The Atlanta Journal-Constitution
Roasted grapes are delicious with pork
The fruit’s sweetness concentrates, becoming jammy and caramelized.
You may not think of grapes as an obvious ingredient to roast alongside pork tenderloin, or anything else for that matter, but listen — roasted grapes are one of the greatest culinary secrets.
Their sweetness concentrates, becoming jammy and caramelized, and their skin takes on char like a champ, adding a touch of bitterness to offset that sugar.
Add whole cloves of garlic and a showering of dried herbs and you’ll forget grapes are usually relegated to a fruit plate or a PB&J.
Fruit is a fine foil to pork of any kind, be it a chop with apricot relish or barbecue with peach and mustard sauce. Pork tenderloins, if they’re small, make an elegant and relatively healthy 5:30 Challenge entree, but you’ll need to work quickly through prep work to get this dish together in the 30-minute time allotment.
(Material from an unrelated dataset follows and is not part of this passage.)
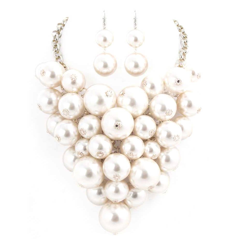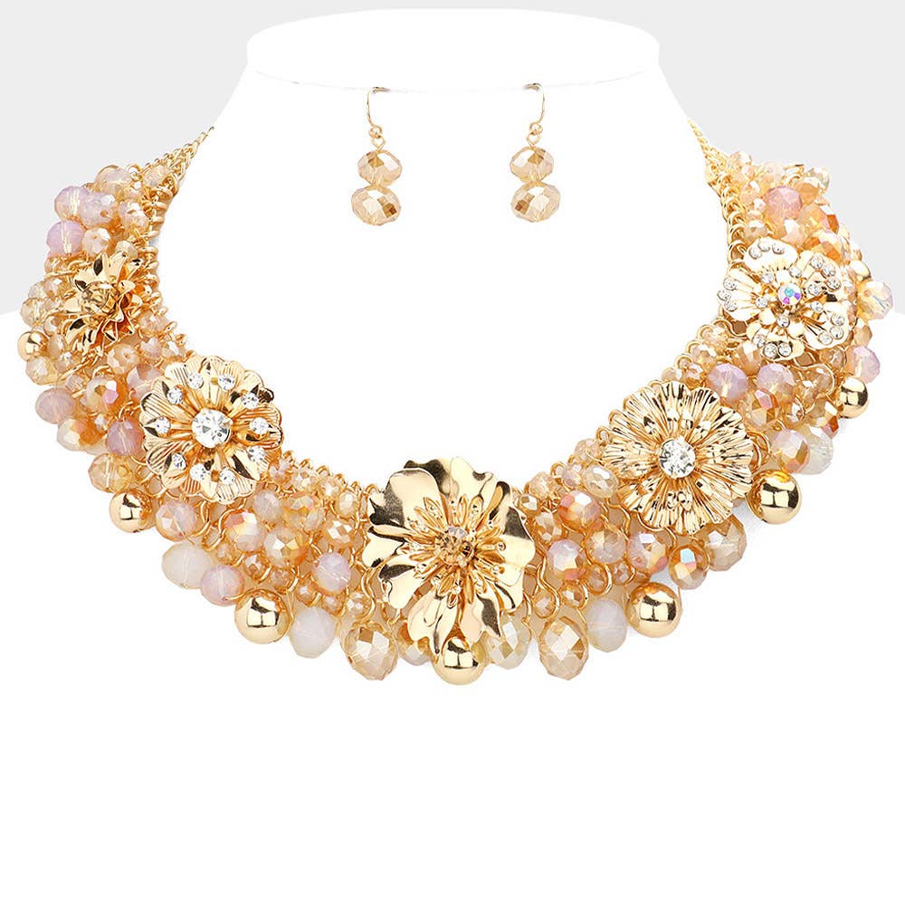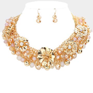 Resin & Pearl Flowers Statement Necklace Set

Put a sheet pan in the oven and crank it up extra hot before you do anything else. Use this
preheating time to season the pork and rub it down with dried herbs de Provence (or any other dried herb blend you’d like, really). Peel the garlic and pull the grapes from their stems. Once the oven is hot, quickly slide all of your goodies onto the hot pan and give it 10 minutes undisturbed.
You can let it cook this way until the pork is medium/medium-well, but the tenderloins will come out more evenly cooked if you take the time to flip them in the middle of the cook time.
Give the grapes and garlic a few extra minutes of cook time while the pork rests to really make sure they’ve got the deep browning they need.
Since you’ve got about 15 minutes of hands-off time built in, you can certainly pull off any number of vegetable side dishes. A simple arugula salad is, however, just what this dish calls for.